Designing systems that are Dependable and Secure: Measurement, Analysis and Design

Lecture

May 27 11:15
Hotel Beau Site


Ravishankar K. Iyer
University of Illinois at Urbana-Champaign

Quick way of learning principles and techniques to build and validate reliable computing systems and networks.

This course introduces a system (both hardware and software) view of design issues in reliable computing. The material represents a broad spectrum of hardware and software error detection and recovery techniques. The lectures discuss how the hardware and software techniques interplay; e.g., what techniques can be provided in hardware, operating system and network communication layers, and what can be provided via a distributed software layer and in the application itself.

After introducing basic concepts and terms including reliability, availability, and hardware and software fault models, the course continues with discussions of hardware redundancy, coding techniques, signature-base error checking, processor-level error detection and recovery (e.g., duplicate execution and comparison), checkpoint and recovery (single process and distributed environment), software fault tolerance techniques (e.g., process pair, robust data structures, recovery blocks, and N-version programming), and finally, network specific issues (e.g., providing consistent data and reliable communications).
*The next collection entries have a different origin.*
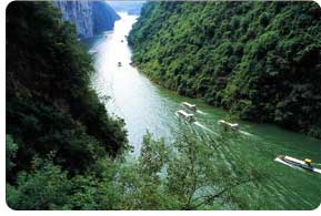 Shennong, or Holy Farmer (a legendary figure who invented the plough) Stream is in west Hubei Province. It is over 37.2 miles long and runs from north to south, emptying into Wu Gorge in the east. Floating on the stream is a popular shore excursion during a Yangtze River Cruise. Visitors float in a broad beamed boat, which takes them to Mianzhu Gorge, Yingwu or Parrot Gorge and Longchang Gorge. The waterway is narrow and luxurious vegetation covers both shores. Monkeys and wild goats can be seen and the atmosphere is rustic. Plank roads on the cliffs and hanging coffins are also visible.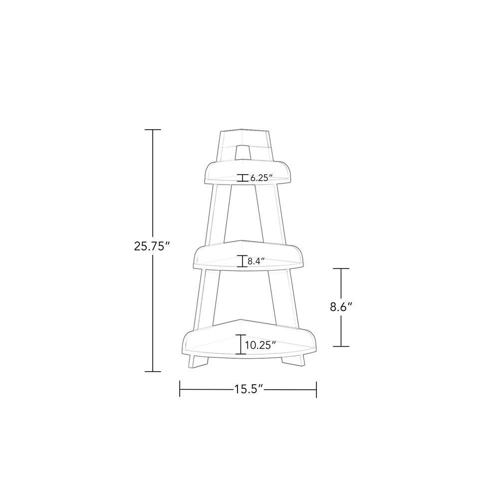 Keep your space neatly organized and show your favorite décor with this attractive RiverRidge Corner Ladder Wall Shelf. The petite design fits in tight spaces including bathrooms, laundry rooms, offices and more. Additional dimensions: open shelf 1: 6.5 in. L x 9.13 in. W x 6.25 in. D, open shelf 2: 8.44 in. L x 11.88 in. W x 8.38 in. D x 8.63 in. H, open shelf 3: 10.44 in. L x 14.63 in. W x 10.25 in. D x 8.63 in. H.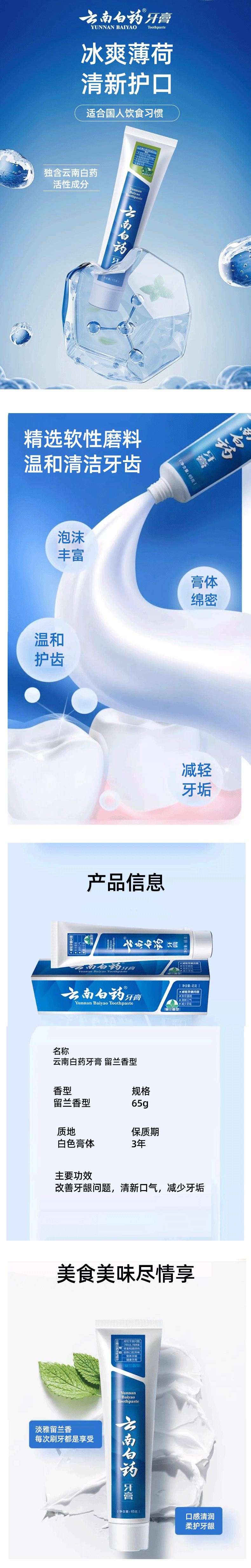 云南白药牙膏-留兰65g【21003370】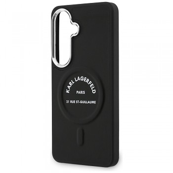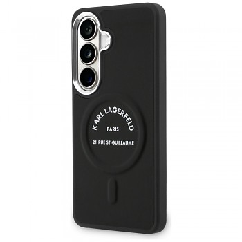 Kryt Karl Lagerfeld - Wrapped Leather with Karl RSG Logo MagSafe (KLHMS26SPSKRSGEK) - Samsung Galaxy S26 ČernýČistá černá kůže a nápadné, plasticky zpracované logo tvoří doplněk, který vyjadřuje vytříbený vkus svého majitele.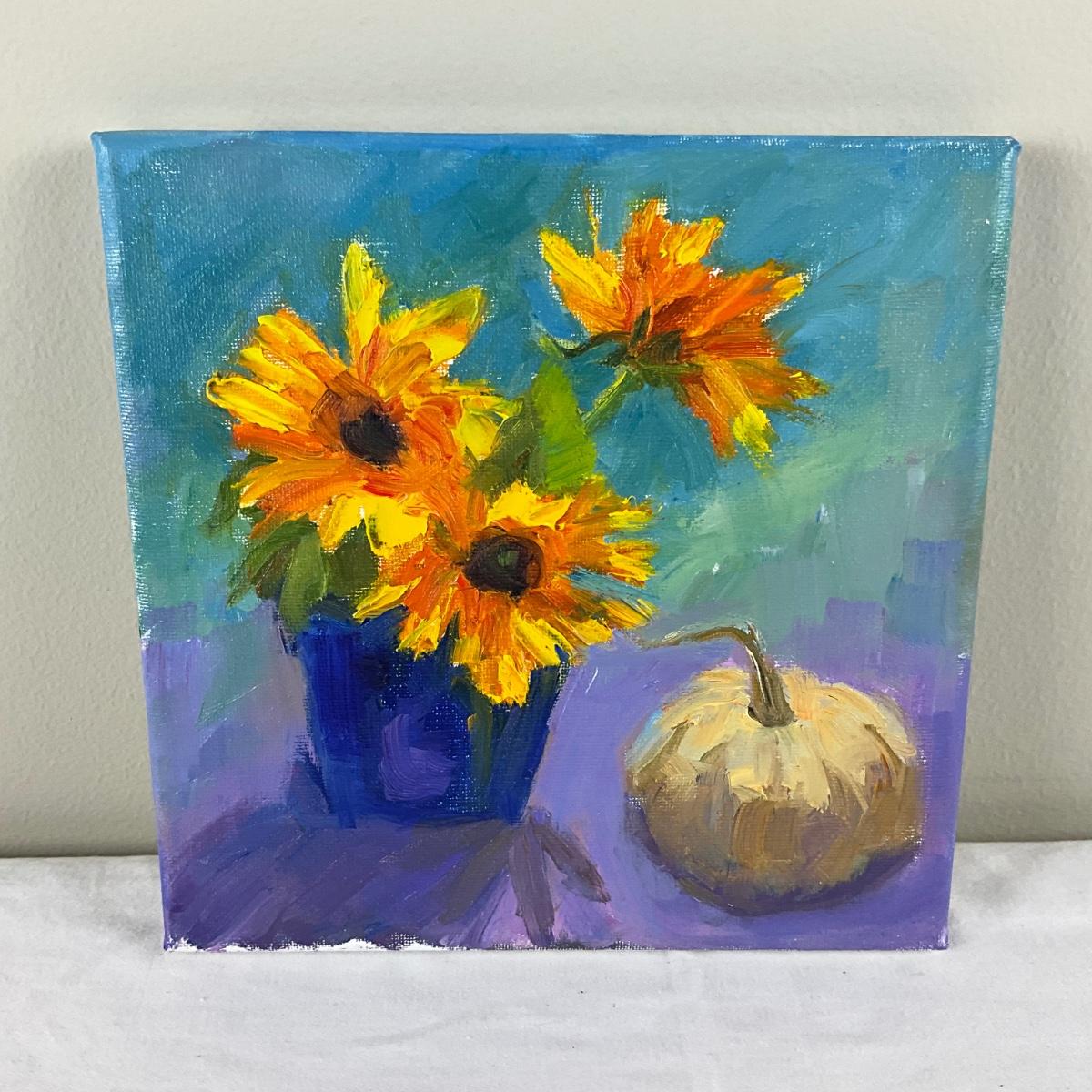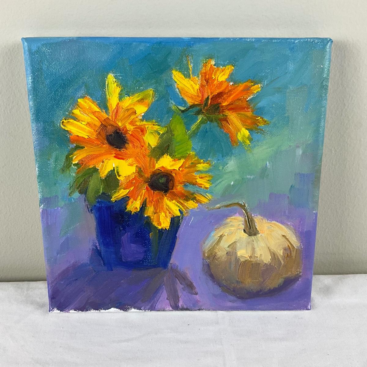 89 Original Oil painting Still Life of Pumpkin and Sunflowers by Kathie Rogers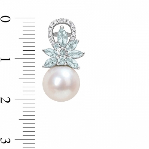 Средние характеристики: жемчуг белый, размер: 9.0-9.5 мм, огранка Круг; аквамарин голубой, размер: 5x2.5 мм; 4x2 мм; 2 мм; 1.5 мм; круглый белый бриллиант

The capabilities and applicability of discussed techniques are illustrated with examples of real applications and systems.

Prerequisites & suggested preliminary readings

Basic understanding of computer systems, hardware and software. BS or MS in Computer Engineering or Computer Science.

Learning outcomes

You will learn the concepts, principles and practice that jointly underlie the development of systems that are reliable and secure. You will be exposed to new and challenging application domains and computing paradigms being implemented in practice and studied in research. Overall the course will allow you to be in a position to develop or research new systems and technologies in the context of their resiliency (dependability and security).

Syllabus

  1. Introduction
    • System view of high availability design
    • Fault models
    • Example of high-availability system

  2. Hardware redundancy
    • Basic approaches to hardware redundancy
    • Static and dynamic redundancy
    • voting

  3. Error detection techniques
    • Timers, watchdogs, heartbeats
    • Audits, assertions, control flow and program invariants checks
    • Operating system exception handling
    • Example application

  4. Coding techniques
    • Error detecting and error correcting codes
    • Hamming codes
    • codes for storage and communication
    • codes for arithmetic operations

  5. Processor-level detection and recovery
    • Instruction retry, duplication, multithreading
    • Checker processor
    • RSE (reliability and security engine)

  6. Disk arrays (RAID)
    • Organization of RAIDs
    • Example design and evaluation of cache-based RAID Controller

  7. Checkpointing and recovery
    • Forward and backward error recovery
    • Checkpoint and recovery in networked systems
    • Synchronous checkpointing and recovery
    • Asynchronous checkpointing and recovery
    • Checkpointing in distributed databases
    • IRIX operating system checkpoint and restart

  8. Software fault tolerance
    • Process pairs
    • robust data structures
    • N-version programming
    • recovery blocks
    • Recovery routines - example of BM-MVS

  9. Network specific issues
    • Broadcast protocols
    • Agreement protocols (Byzantine agreement, Consensus, Interactive consistency)
    • Application of agreement algorithms

  10. High Availability Middleware
    • Replication
    • Self-checking processes
    • Application example

  11. Dependability Validation
    • Validation methods
    • Design phase- Hierarchical fault simulation
    • Prototype phase - HW or SW implemented fault injection
    • Operational phase - Measurement of field systems